Hey There,
I am actually facing a problem here guys. In an array of strings I want to remove all the punctuation and also convert all the letters to lower case letters. Does anybody have a clue how this could be done??
I really appreciate it if u helped.
Many Thanks.
Little function I made. This takes advantage of ASCII. Every ASCII character is represented by a number. In the same sense I could have had it compare to the characters themselves but I don't like that. Just opinion.
//for a C string
std::transform(str,str+strlen(str),str,tolower);
//for an std::string
std::transform(str.begin(),str.end(),str.begin(),tolower);
It's true that no particular encoding should assumed, but it's also true that program's correct functioning shouldn't depend on the locale settings of the system (IMO), and it should just use UCS (Unicode is a subset of UCS). Since UCS includes ASCII, computerquip's is actually more portable by not making the program's behavior depend on settings.
By the way, I personally like this version better:
1 2 3 4 5 6
template<typename T>
void tolower(T *str){
for (;*str;str++)//to change to toupper():
if (*str>='A' && *str<='Z') //invert the case of these literals,
*param|=32; //and change this to &=255^32
}
Shouldn't correct functioning follow the locale settings? That was my assumption! Ultimately it depends on the problem specification. Only the OP knows for sure (maybe).
Well, that's why I put the IMO in there. If you really want to make the program portable, don't assume the system is in any particular locale and just use Unicode.
This is a mistake Japanese programmers make on a daily basis. In Japan, OSs are set up to use Shift JIS as the default non-Unicode encoding. These programmers think "hell. If everyone uses Shift JIS, what's the point of using Unicode? No one will ever want to use this program outside of Japan!"
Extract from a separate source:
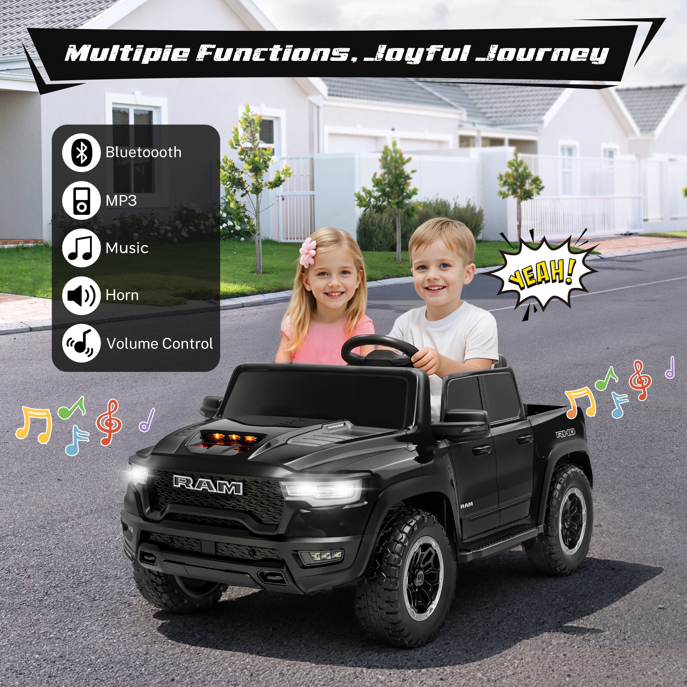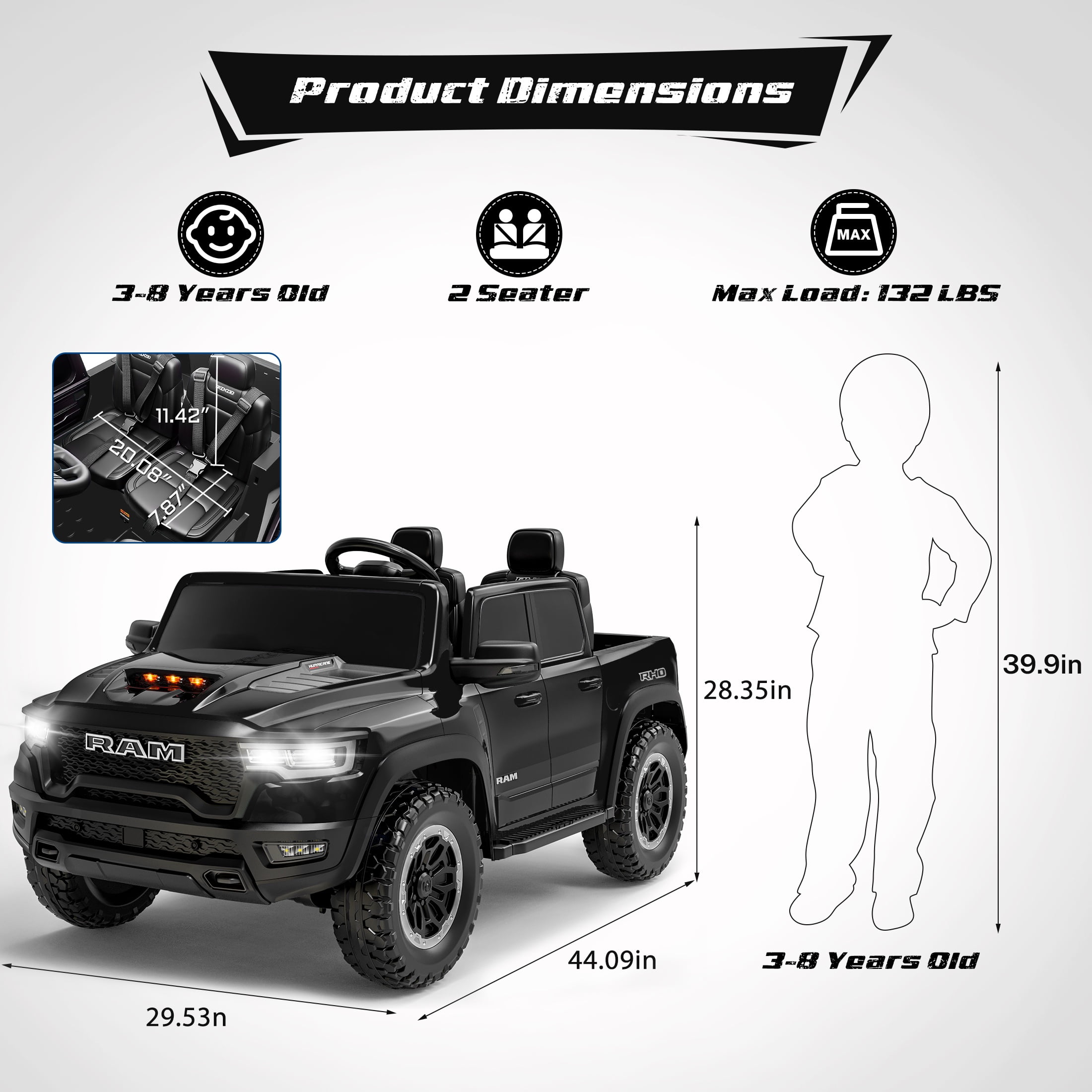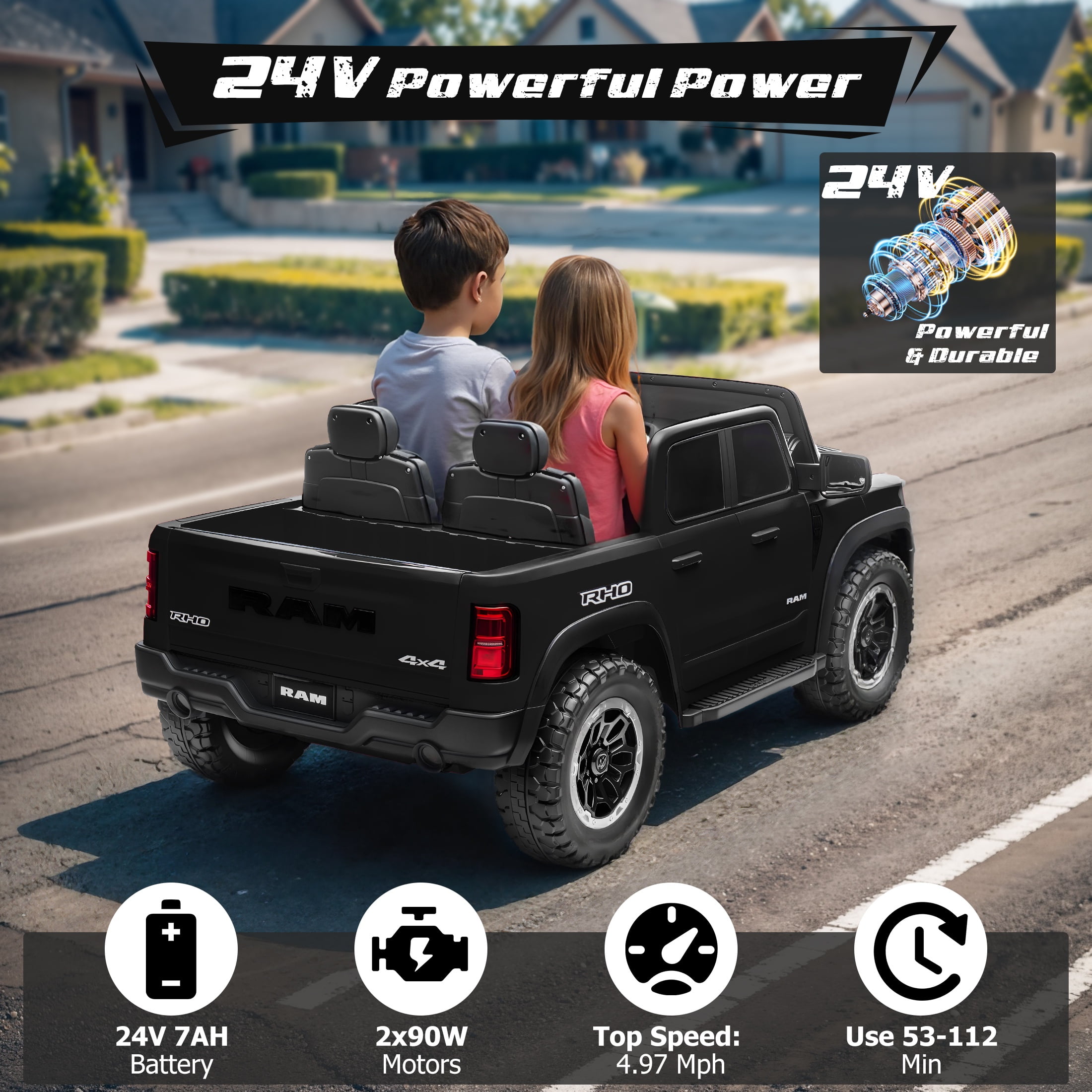 RAM 24V Ride on Cars for Tow Kids, RAM 1500 RHO 2 Seat Battery Powered Ride on Toys with Remote Control, 4 Wheels Suspension Trunk, LED Light, MP3 Player, Electric Car for Kids Boy Girl Gift, Black

Whenever a programmer thinks something that starts with "no one will ever", disasters occur.
Always use Unicode. When using only 8 bits, use ISO-8859-1, which is a small subset of Unicode, or UTF-8, depending on your requirements.
I still don't understand how assuming only 'A' through 'Z' are "uppercase" is portable. Isn't that assuming a particular locale? We seem to be talking at cross purposes here.
'A' is a numeric literal translated by the compiler at compile time. In other words, its value depends on the compiler.
My example could be rewritten replacing 'A' and 'Z' with 65 and 90 and it would produce the same results.
'A' is a numeric literal translated by the compiler at compile time.
Well duh! ;) That's not the point at all. The point is that if you use isupper and tolower it will work in all locales, which makes it more portable, IMAO. Like I said, we seem to be talking at cross purposes, about different kinds of portability. It ultimately depends on the problem specs and cannot be dictated beforehand.